3 posts from December 2025

← Back to 2025

Dec 11, 2025

Responding to "The highest quality codebase"

This post made its way to the Hacker News frontpage today. The premise was interesting - it asked Claude to improve the codebase 200 times in a loop.

First thing’s first: I’m a fan of running Claude in a loop, overnight, unattended. I’ve written real customer-facing software this way, with a lot of success. I’ve sold fixed-bid projects where 80% of the code was written by Claude unsupervised - and delivered too. (Story for another day!)

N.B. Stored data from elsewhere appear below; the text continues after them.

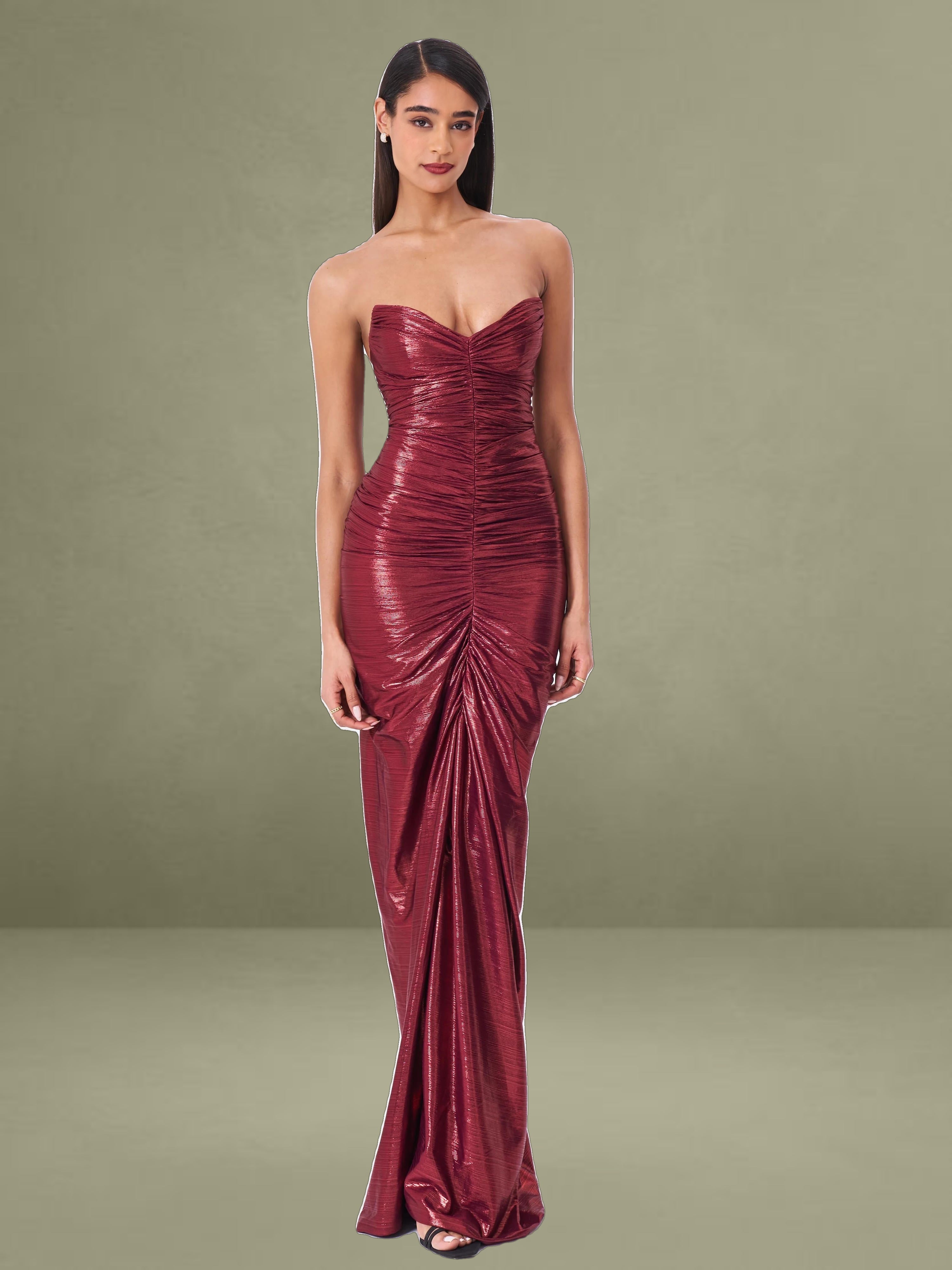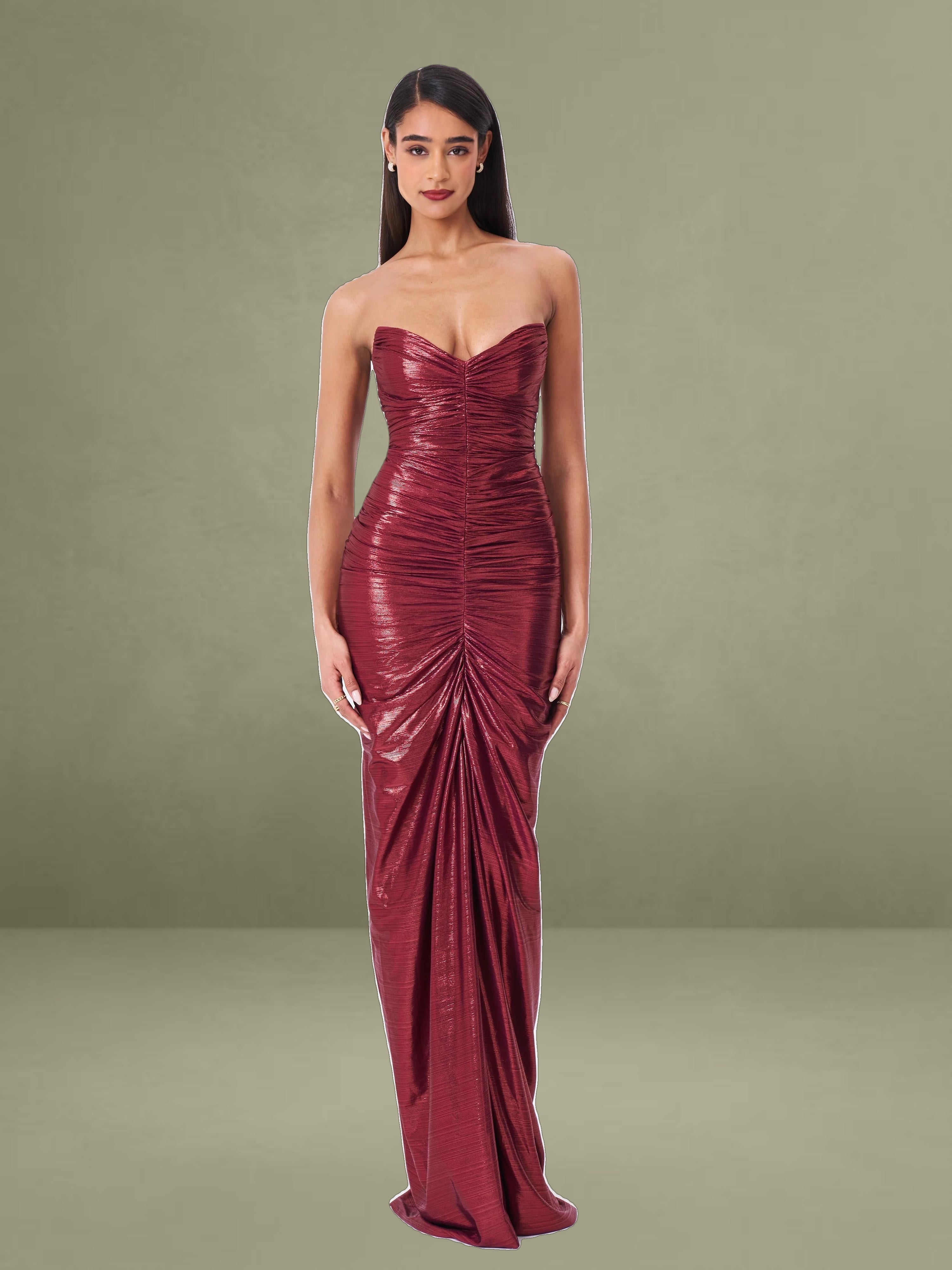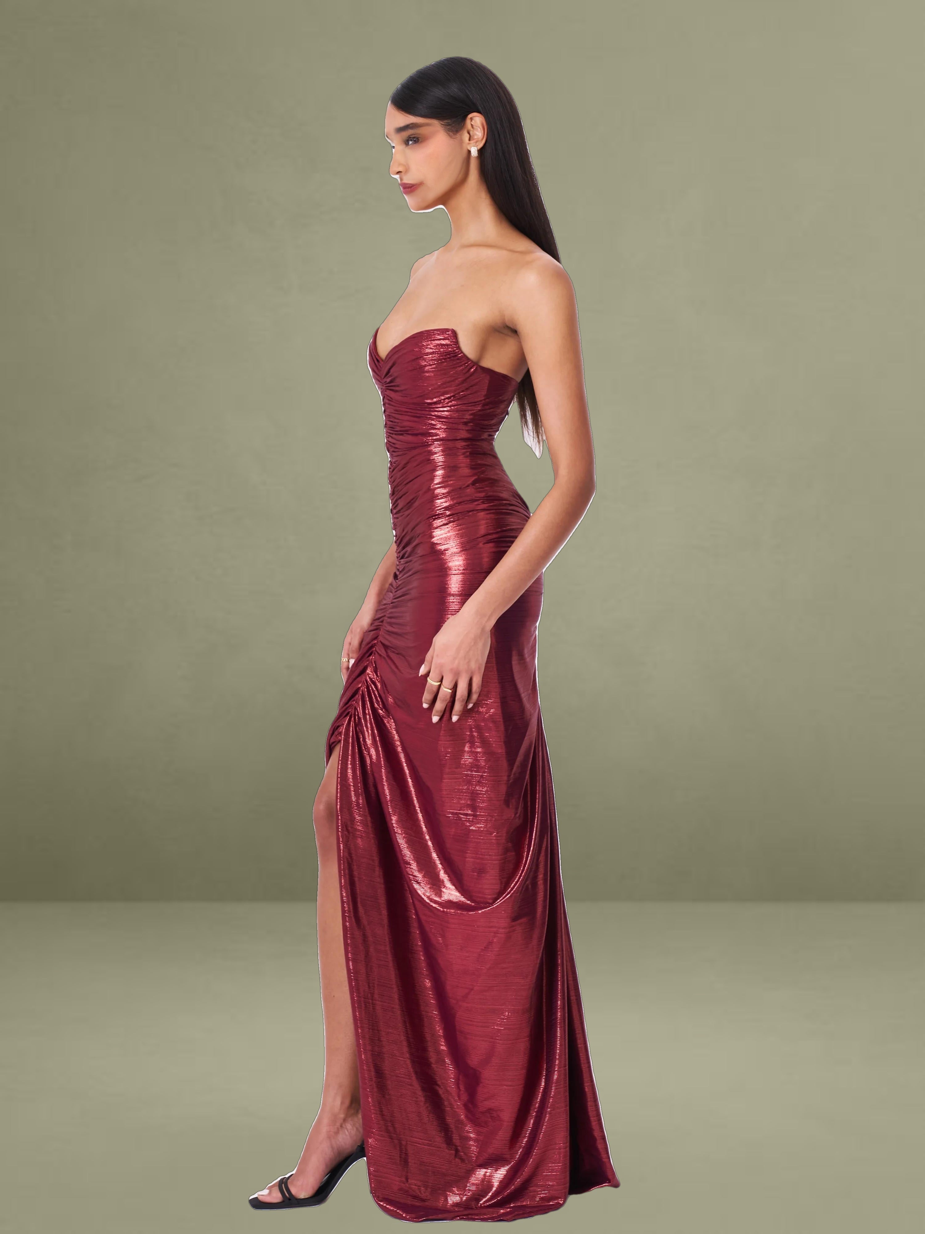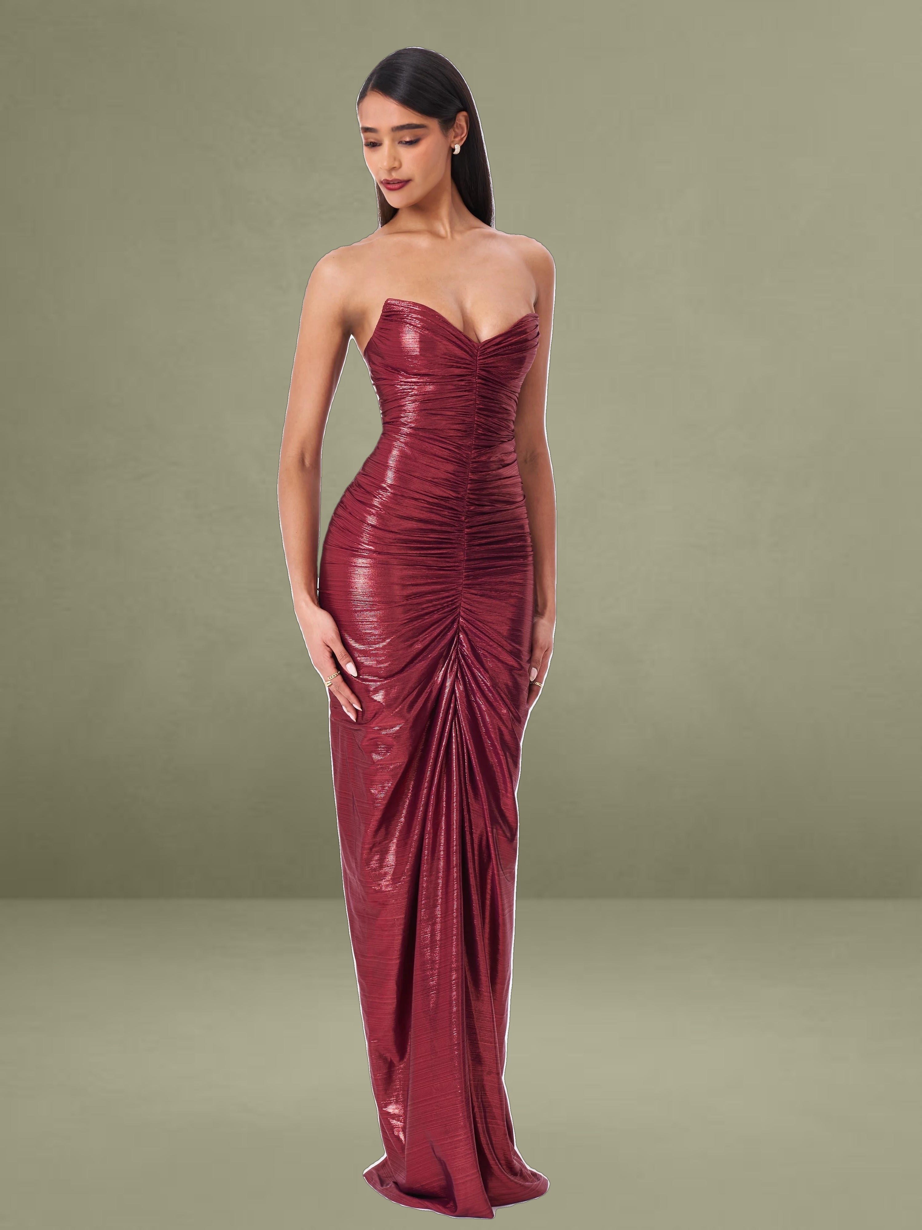 Exude sophistication and glamour with the Sable Gown, a show-stopping masterpiece in rich burgundy glitter fabric. This stunning design features a graceful sweetheart collar and elegant ruched detailing that accentuates your silhouette. The mermaid silhouette flows beautifully, with a dramatic middle front slit adding a sultry edge. Designed for secure wear, the gown includes non-slip straps, while an invisible zipper ensures a flawless fit. Fully lined for comfort, the Sable Gown is the epitome of elegance, perfect for making a dazzling entrance at any formal event.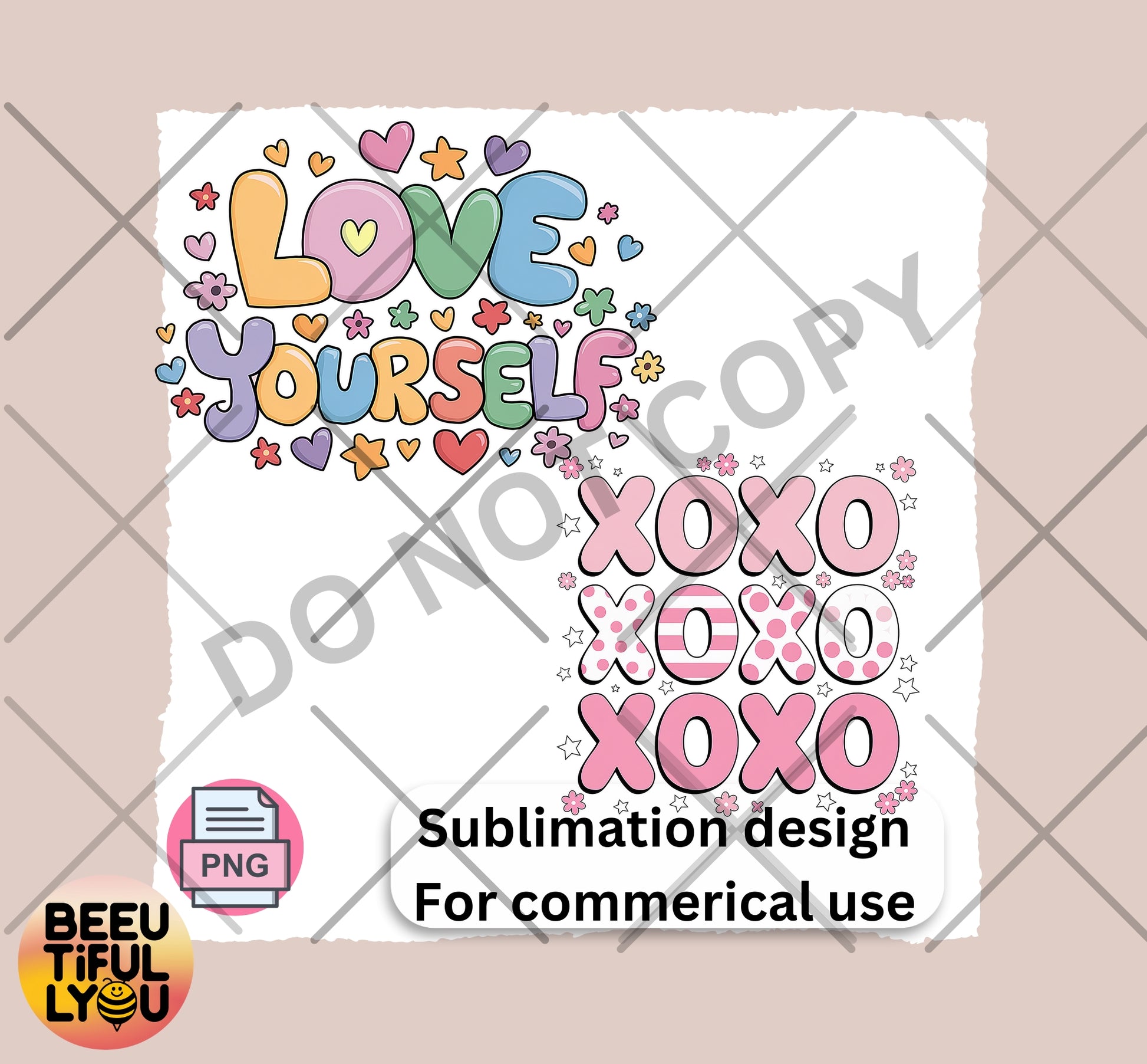 Love Yourself & XOXO Sublimation Design - Cute Pastel Hearts and Flowers PNG for T-Shirts, Tumblers, and Crafts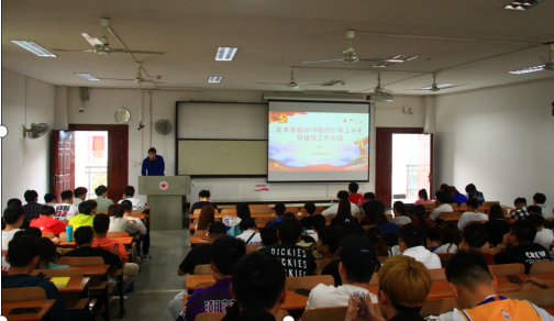 新闻网讯(通讯员 田佳)4月28日下午4时,武术学院2019级在东教学楼403教室召开了全年级劳动节放假安全教育暨阶段性工作总结大会。2019级全体学生参加了会议。会议由辅导员朱雄主持。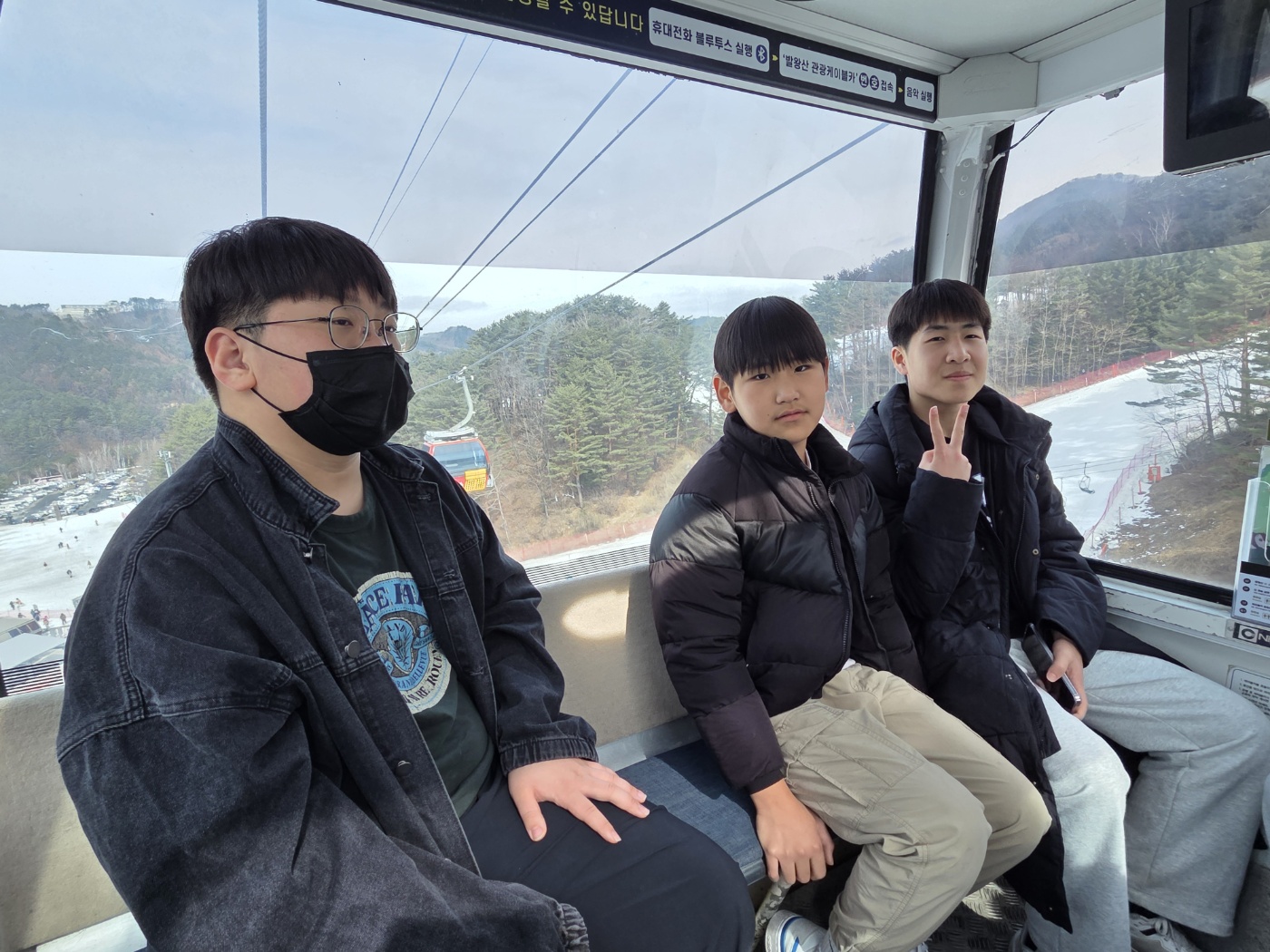 해발 1,458m 높이의 발왕산 정상까지 왕복 7.4km를 이동하는 케이블카는 약 40분 정도 소요되는데, 창밖으로 펼쳐지는 겨울 풍경은 그야말로 장관이었습니다. 눈으로 덮인 산과 케이블카 아래로 펼쳐진 스키장의 모습은 아이들의 시선을 사로잡기에 충분했습니다.
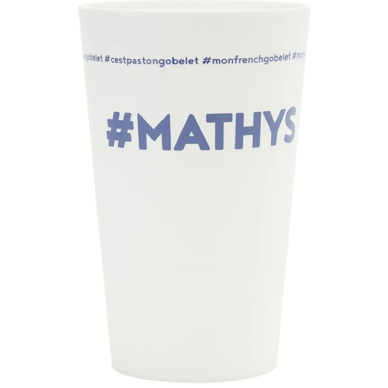 Gobelet réutilisable en plastique blanc avec inscription bleue #MATHYS.

This writer did NOT have the same success. In fact quite the opposite - the codebase grew from 47k to 120k lines of code (a 155% increase), tests ballooned from 700 to 5,369, and comment lines grew from 1,500 to 18,700. The agent optimized for vanity metrics rather than real quality. Any programmer will tell you, lines of code written does NOT equal productivity.

The premise of the post is really interesting - once you dig in and actually look at the prompt though, all of the intrigue falls away:

Ultrathink. You’re a principal engineer. Do not ask me any questions. We need to improve the quality of this codebase. Implement improvements to codebase quality.

Let’s deconstruct the prompt here.

First, “ultrathink” is a magic word in Claude that means “think about this problem really hard” - it dials thinking on the model up to its max.

Secondly, the rest of the prompt - “improve the codebase, don’t ask questions” - was almost bound to fail (if we define success as “not enough test coverage, less lines of code, bugs fixed”) and anyone who uses LLMs to write code would see this right away.

This post is equivalent to someone saying LLMs are useless because they can’t count the R’s in strawberry - it ignores the fact that LLMs are very useful in somewhat narrow ways.

To be fair, I think the author knew this was just a funny experiment, and wanted to see what Claude would actually do. As a fun exercise and/or as a way to gather data, I think it’s interesting.

I do fear that people will see this post, continue to blithely say “LLM bad”, and go about their day. Hey, if inertia is your thing, go for it!

How would I improve this prompt?

  • Have the LLM first write a memory - an architecture MD file, a list of tasks to do, and so on. The author literally threw it a codebase and said “go”. No senior engineer would immediately start “improving” the codebase before getting a grasp on the project at hand.
  • Define what success looks like to the LLM. What constitutes high quality? I’d say adding tests for particularly risky parts and reducing lines of code would be a good start.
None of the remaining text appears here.